L’uomo è interrogato dal Gip Tommaso Perna alla presenza di Alberto Nobili, capo del pool dell’antiterrorismo milanese, e del pm Luca Poniz. Il giudice, dopo l’interrogatorio dovrà decidere sulla richiesta di convalida dell’arresto e di custodia cautelare in carcere per l’uomo difeso dal legale Davide Lacchini. I pm hanno chiesto il carcere per strage, sequestro di persone, resistenza e incendio e secondo gli inquirenti, il 47enne potrebbe compiere ancora azioni simili anche perché “non ha mostrato finora alcun segno di pentimento“. Da cui l’esigenza cautelare del carcere.

Un gesto “clamoroso di impatto internazionale”

E’ emerso inoltre che il 47enne voleva fare “un’azione dimostrativa e avere un massimo impatto internazionale“. Lo ha reso noto il suo legale, Davide Lacchini, spiegando che l’uomo, durante l’interrogatorio in carcere, ha mostrato davanti al gip “evidenti segni di squilibrio” facendo anche alcune “invocazioni”. Sy ha detto poi di aver agito dopo aver sentito “voci dei bambini che stavano morendo nel Mediterraneo” che gli avrebbero chiesto di fare “qualcosa di clamoroso affinché questo non accada più”.

L’uomo ha anzi rivendicato il suo “gesto eclatante” come “segnale per l’Africa” e “contro le politiche sui migranti” portate avanti da Italia e Ue. Gli inquirenti sono convinti, inoltre, che l’uomo, che aveva già cosparso il bus col gasolio nelle fasi del dirottamento, abbia appiccato il fuoco prima che i carabinieri riuscissero a bloccarlo e mentre i primi bambini riuscivano a mettersi in salvo. Un elemento di conferma è la mano ustionata di Sy.

Secondo il gip di Milano Tommaso Perna non ci sarebbero segni di squilibrio, come ha invece riferito il suo difensore. A chi gli ha chiesto se l’uomo era tranquillo, il giudice ha risposto “più o meno”. La difesa, ovviamente, punta sulla perizia psichiatrica.
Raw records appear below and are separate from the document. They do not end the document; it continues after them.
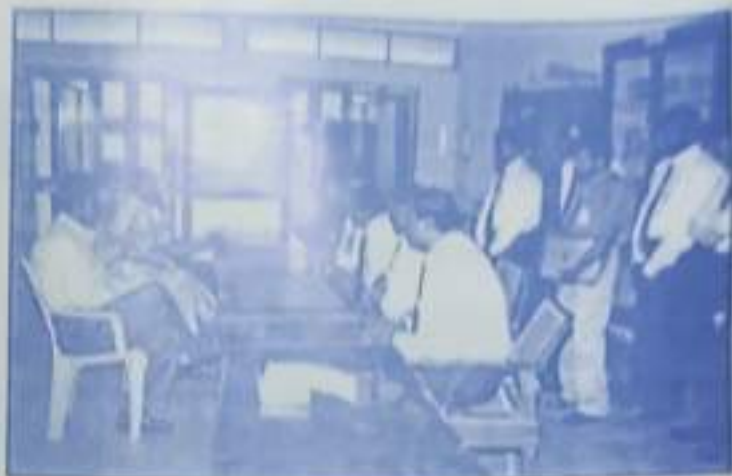
Peer Team interact with the Commerce Faculty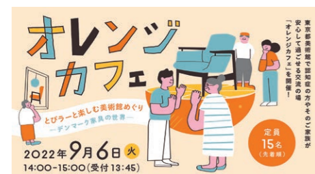
オレンジカフェのウェブ用バナー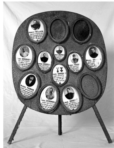
Tableau commémoratif des morts de la première guerre mondiale : plaque en fonte avec médaillons émaillés portant le nom et la photographie des soldats défunts. IVR22_19988001714X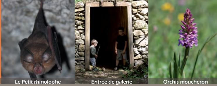
Le Petit rhinolophe

Tout au long de la balade, vous pourrez également admirer les fleurs de saison, les multiples essences de bois, ou bien encore observer les empreintes d'animaux.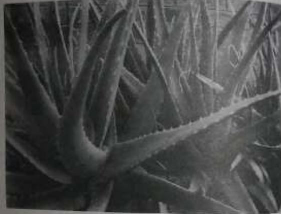
အထက်လှန်အောက်လျှော့ ရောဂါဝေဒနာအတွက် ဆေးစွမ်းထက် ရှားစောင်းလက်ပပ်အမြစ်

Bus dirottato, dal Viminale stretta sulle patenti per pullman

Intanto dal Viminale arriva una stretta sulle patenti per pullman. Maggiori controlli e raccordo operativo con le motorizzazioni civili per una maggiore sicurezza. È quanto emerge dalla la circolare inviata questa mattina a tutti i prefetti dal capo di gabinetto del ministro dell’Interno, Matteo Piantedosi.

Nel documento si richiama alla puntuale applicazione della normativa vigente per il rilascio e il rinnovo delle licenze a coloro che guidano veicoli per il trasporto di persone. Si richiede inoltre l’intensificazione dei controlli da parte delle Forze di Polizia.